=== PROVIDED RECORDS ===
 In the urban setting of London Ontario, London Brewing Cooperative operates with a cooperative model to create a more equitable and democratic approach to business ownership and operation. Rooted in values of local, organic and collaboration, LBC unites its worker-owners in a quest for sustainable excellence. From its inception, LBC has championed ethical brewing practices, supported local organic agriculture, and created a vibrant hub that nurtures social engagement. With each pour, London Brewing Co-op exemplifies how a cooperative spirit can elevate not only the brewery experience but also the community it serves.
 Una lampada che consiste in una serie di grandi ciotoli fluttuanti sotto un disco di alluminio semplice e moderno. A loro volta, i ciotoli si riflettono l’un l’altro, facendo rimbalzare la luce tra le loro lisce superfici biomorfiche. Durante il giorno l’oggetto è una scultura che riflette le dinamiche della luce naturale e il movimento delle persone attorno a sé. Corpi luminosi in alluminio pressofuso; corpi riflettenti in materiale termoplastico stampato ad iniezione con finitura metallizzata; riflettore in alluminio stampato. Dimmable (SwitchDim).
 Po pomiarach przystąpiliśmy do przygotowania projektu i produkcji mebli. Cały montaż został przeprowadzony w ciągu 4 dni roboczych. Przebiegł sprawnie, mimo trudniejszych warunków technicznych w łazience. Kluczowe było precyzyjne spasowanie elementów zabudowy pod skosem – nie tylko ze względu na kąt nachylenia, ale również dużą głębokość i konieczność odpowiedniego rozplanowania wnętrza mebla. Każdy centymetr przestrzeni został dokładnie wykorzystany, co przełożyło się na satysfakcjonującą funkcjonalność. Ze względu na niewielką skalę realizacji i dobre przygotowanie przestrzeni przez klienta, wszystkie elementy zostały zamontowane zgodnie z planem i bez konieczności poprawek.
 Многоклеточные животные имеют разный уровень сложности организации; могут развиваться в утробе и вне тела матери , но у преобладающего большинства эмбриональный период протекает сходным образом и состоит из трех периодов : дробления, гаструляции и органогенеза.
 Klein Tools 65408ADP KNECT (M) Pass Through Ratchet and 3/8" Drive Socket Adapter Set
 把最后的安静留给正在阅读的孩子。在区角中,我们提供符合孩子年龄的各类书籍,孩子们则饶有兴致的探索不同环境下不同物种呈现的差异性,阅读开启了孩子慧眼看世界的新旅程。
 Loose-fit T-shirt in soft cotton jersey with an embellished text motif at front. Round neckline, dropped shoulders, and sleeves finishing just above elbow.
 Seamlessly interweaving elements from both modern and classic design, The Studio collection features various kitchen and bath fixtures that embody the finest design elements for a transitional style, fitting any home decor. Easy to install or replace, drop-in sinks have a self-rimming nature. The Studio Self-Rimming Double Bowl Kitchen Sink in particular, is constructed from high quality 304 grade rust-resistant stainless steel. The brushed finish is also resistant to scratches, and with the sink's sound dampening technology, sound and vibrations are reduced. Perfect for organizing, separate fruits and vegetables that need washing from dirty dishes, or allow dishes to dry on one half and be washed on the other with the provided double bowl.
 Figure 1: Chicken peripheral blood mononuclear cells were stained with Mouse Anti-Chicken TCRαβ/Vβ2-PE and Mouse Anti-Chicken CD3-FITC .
===
ACTIVITY: Only one span is wanted. It runs from the first line of the listing through the line with "Una lampada che", and each line must match exactly.

THE ANSWER:
 In the urban setting of London Ontario, London Brewing Cooperative operates with a cooperative model to create a more equitable and democratic approach to business ownership and operation. Rooted in values of local, organic and collaboration, LBC unites its worker-owners in a quest for sustainable excellence. From its inception, LBC has championed ethical brewing practices, supported local organic agriculture, and created a vibrant hub that nurtures social engagement. With each pour, London Brewing Co-op exemplifies how a cooperative spirit can elevate not only the brewery experience but also the community it serves.
 Una lampada che consiste in una serie di grandi ciotoli fluttuanti sotto un disco di alluminio semplice e moderno. A loro volta, i ciotoli si riflettono l’un l’altro, facendo rimbalzare la luce tra le loro lisce superfici biomorfiche. Durante il giorno l’oggetto è una scultura che riflette le dinamiche della luce naturale e il movimento delle persone attorno a sé. Corpi luminosi in alluminio pressofuso; corpi riflettenti in materiale termoplastico stampato ad iniezione con finitura metallizzata; riflettore in alluminio stampato. Dimmable (SwitchDim).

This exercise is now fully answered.